Para muitas pessoas, a praia é relaxante. O som das ondas, o banho de mar, o horizonte azul. Para outras, ela é um local de trabalho. Há também aqueles que veem na areia e na água um local propício à prática de esportes. Outros grupos, mais animados, transformam qualquer lugar numa festa.
Na maioria dos dias, aquele grande agrupamento humano na faixa de areia experimentava uma, ouso dizer, harmonia. A praia é gratuita, agradável. Cada um chega a hora que quer, permanece pelo tempo que lhe der na telha.
Na areia, em cadeiras, em toalhas, cada grupo delimita o espaço que bem entender. Era um pacto coletivo que assegurava as liberdades individuais.
Hoje a liberdade é exercida só pelos grupos que possuem o porte, ou melhor, a posse de uma caixa de som. Os ataques sonoros vêm de todos os lados. Ninguém conversa nem ouve nada direito, a não ser uma pasta disforme de ruídos estridentes de todos os gêneros musicais.

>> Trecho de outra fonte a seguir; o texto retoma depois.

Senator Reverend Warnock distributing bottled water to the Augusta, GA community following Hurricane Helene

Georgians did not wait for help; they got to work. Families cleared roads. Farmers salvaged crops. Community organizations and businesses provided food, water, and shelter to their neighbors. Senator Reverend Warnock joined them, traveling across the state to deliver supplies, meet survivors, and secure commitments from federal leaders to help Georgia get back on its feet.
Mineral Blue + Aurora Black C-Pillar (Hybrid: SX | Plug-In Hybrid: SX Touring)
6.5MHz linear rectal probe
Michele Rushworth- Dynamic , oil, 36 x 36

Nem a pessoa que levou a caixa consegue ouvir seu som.
Quebrou-se o pacto coletivo e o individualismo selvagem acabou com as liberdades. O espaço público, visto como algo sem valor, foi corroído por grupos que agem como se estivessem num ambiente privado. Lembra muito certa utopia bolsonarista.

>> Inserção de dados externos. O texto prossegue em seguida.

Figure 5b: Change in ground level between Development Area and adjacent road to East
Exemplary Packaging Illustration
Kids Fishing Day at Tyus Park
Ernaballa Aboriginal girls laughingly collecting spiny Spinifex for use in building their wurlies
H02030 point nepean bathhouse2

É o mesmo raciocínio daquele que evoca a liberdade para não se vacinar. Que evoca a liberdade para comprar armas. Que evoca a ditadura para saudar a liberdade. Que distorce as religiões para louvar a rivalidade e o êxito individual.

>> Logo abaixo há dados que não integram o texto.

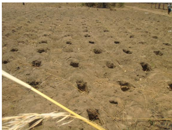
Figure 4: Land preparation for permanent planting basins

Adapted from a guide to Conservation Agriculture in Zimbabwe (2009) and Sasakawa Global 2000
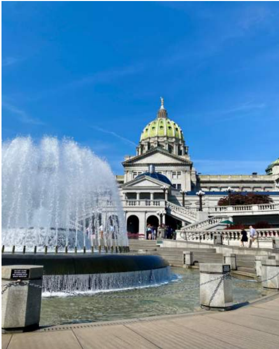
Fountain at the Commonwealth of Pennsylvania Capitol Building in Harrisburg PA

Num contexto mais amplo, é o mesmo raciocínio que impõe a uberização das relações trabalhistas e quebra um pacto coletivo de direitos conquistados. Individualiza de maneira selvagem. O que um entregador do iFood teria a dizer sobre liberdades individuais?
É o mesmo raciocínio de quem arrasa a Amazônia de olho no lucro individual. Os incomodados que se mudem (de planeta, em breve).
Assim como é impossível atravessar imune a faixa de areia sem ser atacado por rajadas sonoras, é impossível passar um dia sem ser atacado por uma declaração repugnante dos Bolsonaro.
Sem ver a desigualdade social se transformando em miséria e violência. Sem perceber que a população armada e a desvalorização do que é público só favorece as milícias.
Sem perceber que o bolsonarismo é como uma caixa de som na praia.